Although these estimates are not devoid of controversy, it is obvious that medical errors and accidental damage do occur too frequently. In particular, errors originating in fatigue have been identified as one of the factors that lead to most accidents at work. The costs of such accidents has been recently estimated to amount to 31,1 billion dollars in the U.S.

Avoiding errors

In Spain, around 10% of patients in hospital suffer some type of adverse episode as a result of medical attention, and about 50% of these errors could have been avoided by the application of safer clinical practices.

"For these reasons, all those strategies whose objective is to know the factors that lead to unsafe medical practices, and consequently diminish patient safety, are part of the agenda of several international organizations, including the World Health Organization", according to Di Stasi and Catena.

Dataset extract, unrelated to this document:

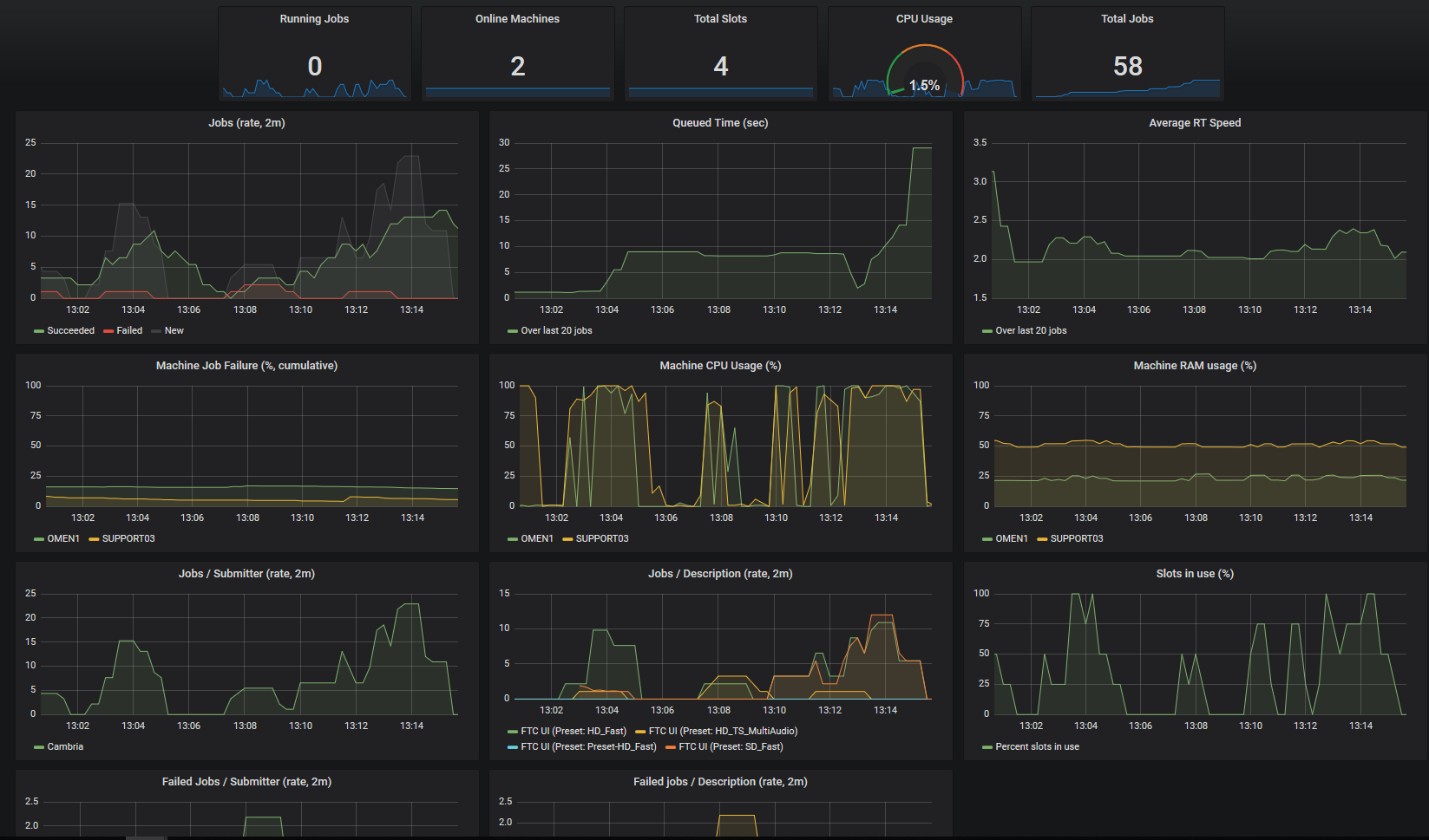 Shows rate of incoming, successful and failed video transcoding jobs for the Cluster. Displays performance graphs such as overall CPU usage, per-machine RAM and CPU usage. Breaks down incoming and failed jobs per preset and submitter.

Since long work shifts and overtime hours are both becoming more frequent, especially among resident doctors, "the study of fatigue as a factor that contributes to the prevention of errors in the health system has become one of the main topics in risk management within this context."

The results of this research also open to debate the number of hours that doctors can work without affecting patient safety. For instance, in the U.S. residents work almost twice as their Spanish or French counterparts (80 hours a week vs 40)

The results of this study can also be applied to other fields similar to medicine, which also require long hours involving large amounts of sophisticated knowledge and complex decision-making skills coupled with technical complexity—such as civil and military aviation.